What is expected>
From the data below, return only the lines from the one with "オトバンクは6月16日までの" through the one with "Im Schlafzimmer finden", exact and inclusive, with pictures left out.

━━━━━ Data supplied

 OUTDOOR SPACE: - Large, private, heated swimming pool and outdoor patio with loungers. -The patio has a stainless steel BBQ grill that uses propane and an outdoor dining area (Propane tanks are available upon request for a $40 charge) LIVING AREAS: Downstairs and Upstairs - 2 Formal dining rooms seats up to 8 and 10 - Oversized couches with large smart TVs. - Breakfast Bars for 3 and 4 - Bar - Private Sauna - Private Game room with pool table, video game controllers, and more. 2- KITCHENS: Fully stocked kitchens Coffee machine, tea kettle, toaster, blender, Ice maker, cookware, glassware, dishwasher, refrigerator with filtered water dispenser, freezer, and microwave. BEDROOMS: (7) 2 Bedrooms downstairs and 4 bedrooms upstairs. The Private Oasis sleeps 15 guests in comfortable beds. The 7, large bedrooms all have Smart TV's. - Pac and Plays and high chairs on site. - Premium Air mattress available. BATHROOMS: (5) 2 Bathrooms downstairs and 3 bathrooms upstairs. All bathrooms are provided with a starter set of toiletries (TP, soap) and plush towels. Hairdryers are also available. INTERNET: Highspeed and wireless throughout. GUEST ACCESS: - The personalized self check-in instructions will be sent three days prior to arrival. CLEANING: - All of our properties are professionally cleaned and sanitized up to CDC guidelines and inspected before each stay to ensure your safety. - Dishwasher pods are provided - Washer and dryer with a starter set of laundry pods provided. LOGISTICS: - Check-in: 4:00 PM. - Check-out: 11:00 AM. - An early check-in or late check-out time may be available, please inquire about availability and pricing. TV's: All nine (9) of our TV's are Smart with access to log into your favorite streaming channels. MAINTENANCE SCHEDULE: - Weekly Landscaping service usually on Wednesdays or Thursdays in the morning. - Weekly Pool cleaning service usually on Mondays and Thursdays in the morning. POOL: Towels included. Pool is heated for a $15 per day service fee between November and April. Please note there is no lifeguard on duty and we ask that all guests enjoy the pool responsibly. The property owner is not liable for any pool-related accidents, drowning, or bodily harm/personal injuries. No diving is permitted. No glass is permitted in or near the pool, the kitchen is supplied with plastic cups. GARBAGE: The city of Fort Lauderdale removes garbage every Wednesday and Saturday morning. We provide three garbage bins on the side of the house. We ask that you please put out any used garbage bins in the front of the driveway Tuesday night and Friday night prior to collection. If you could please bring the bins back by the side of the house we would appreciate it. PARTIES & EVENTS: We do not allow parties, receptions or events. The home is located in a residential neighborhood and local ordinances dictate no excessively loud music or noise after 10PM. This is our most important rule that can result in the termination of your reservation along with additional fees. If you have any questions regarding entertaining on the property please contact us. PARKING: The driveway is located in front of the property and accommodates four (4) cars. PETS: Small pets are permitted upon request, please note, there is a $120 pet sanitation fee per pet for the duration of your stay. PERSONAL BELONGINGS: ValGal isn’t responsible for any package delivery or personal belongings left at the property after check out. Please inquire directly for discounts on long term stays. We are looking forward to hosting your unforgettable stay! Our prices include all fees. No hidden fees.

━━━━━━━━━━
━━━━━ Data supplied

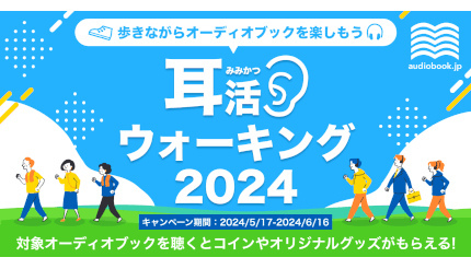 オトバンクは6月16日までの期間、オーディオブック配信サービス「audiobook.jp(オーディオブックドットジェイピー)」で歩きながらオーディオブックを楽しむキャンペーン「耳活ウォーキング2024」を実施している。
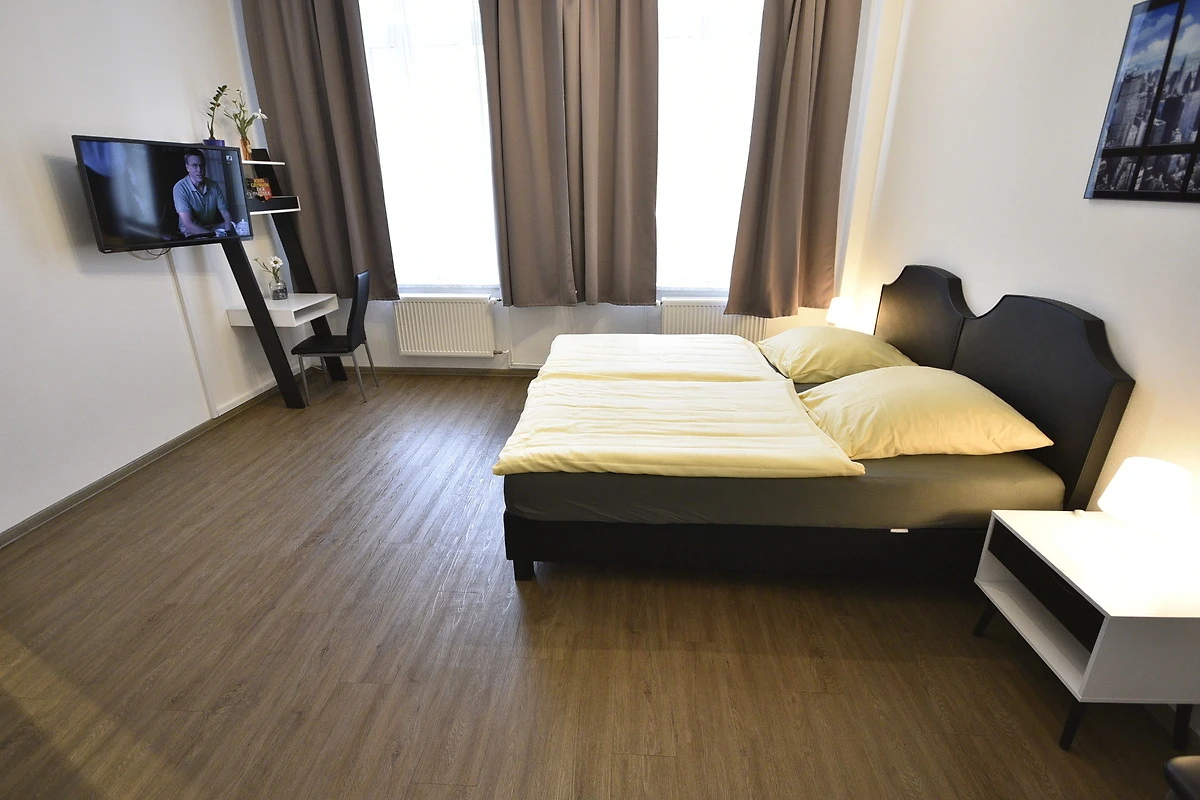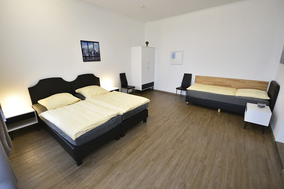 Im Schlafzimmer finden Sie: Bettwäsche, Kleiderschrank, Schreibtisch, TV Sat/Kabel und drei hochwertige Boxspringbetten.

━━━━━━━━━━
━━━━━ Data supplied

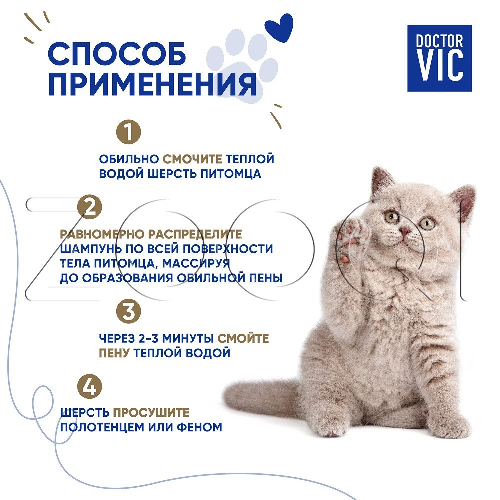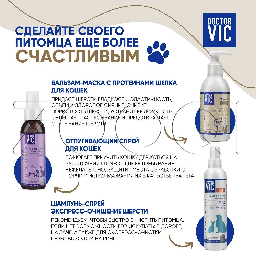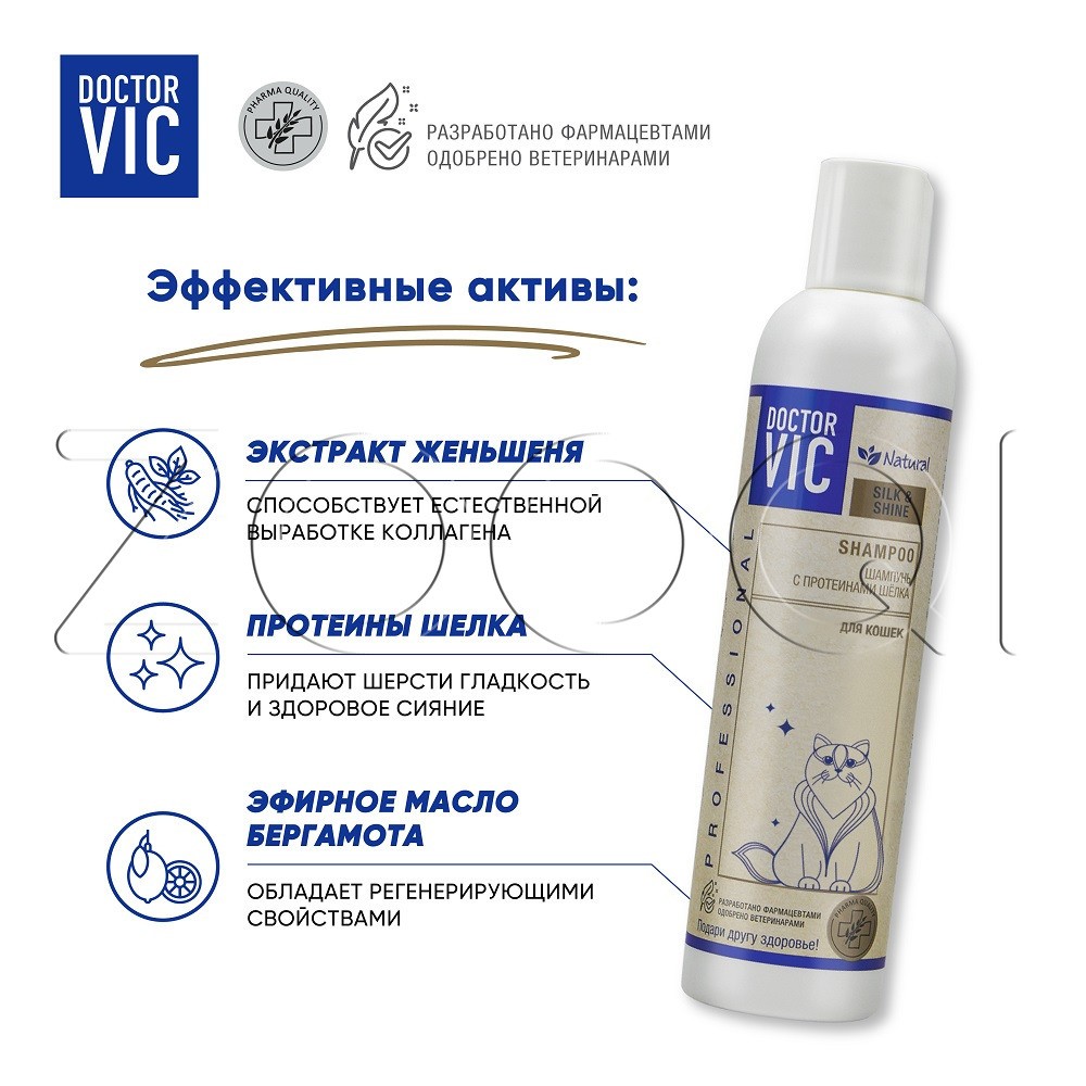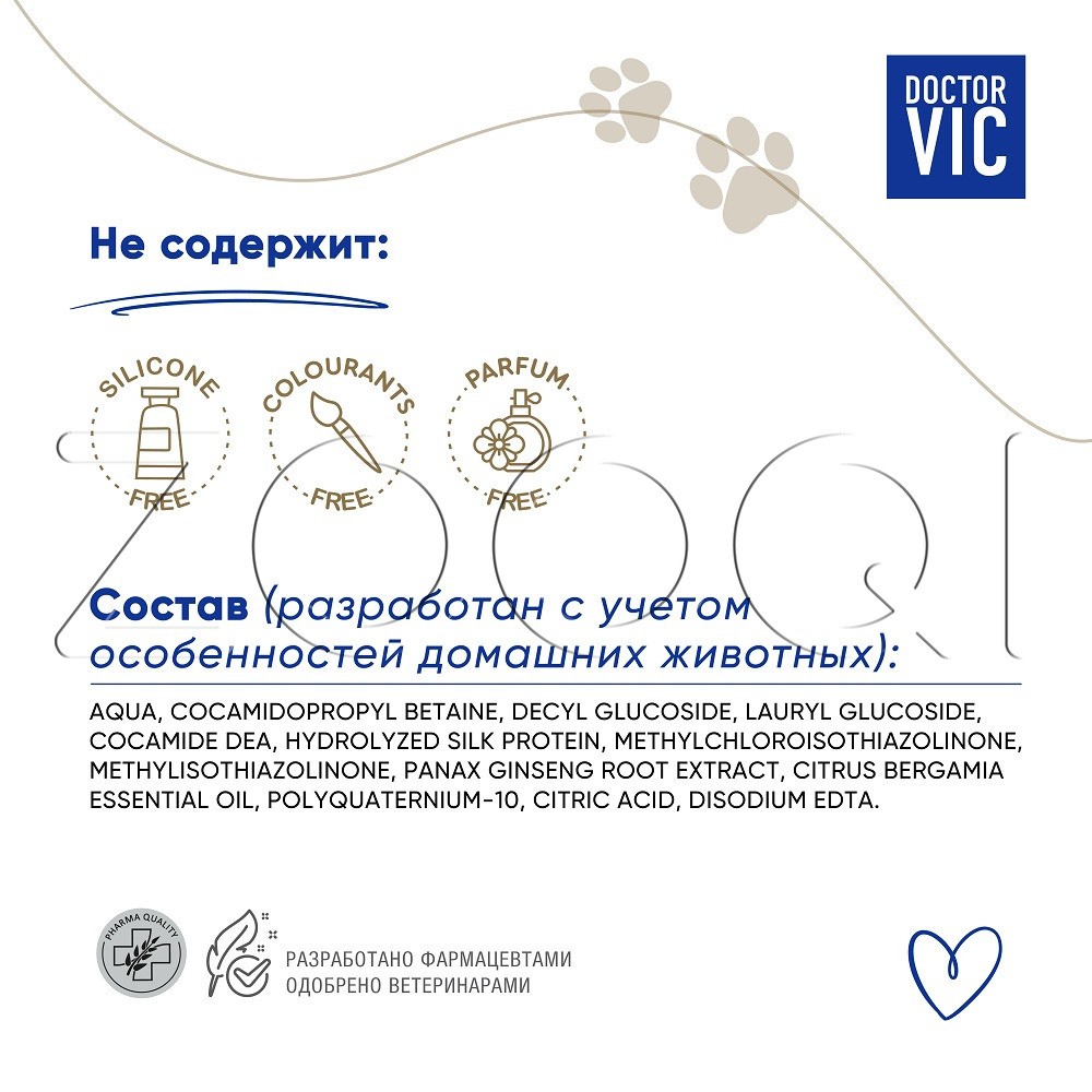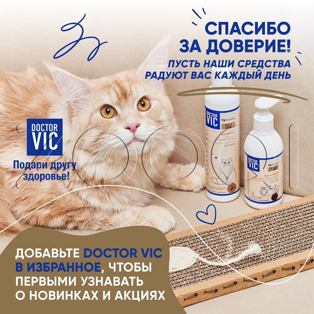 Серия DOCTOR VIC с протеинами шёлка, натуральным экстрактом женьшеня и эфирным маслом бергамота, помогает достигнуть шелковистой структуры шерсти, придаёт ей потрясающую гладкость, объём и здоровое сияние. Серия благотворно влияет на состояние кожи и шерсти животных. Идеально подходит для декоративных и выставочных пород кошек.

━━━━━━━━━━

Answer to the exercise>
 オトバンクは6月16日までの期間、オーディオブック配信サービス「audiobook.jp(オーディオブックドットジェイピー)」で歩きながらオーディオブックを楽しむキャンペーン「耳活ウォーキング2024」を実施している。
 Im Schlafzimmer finden Sie: Bettwäsche, Kleiderschrank, Schreibtisch, TV Sat/Kabel und drei hochwertige Boxspringbetten.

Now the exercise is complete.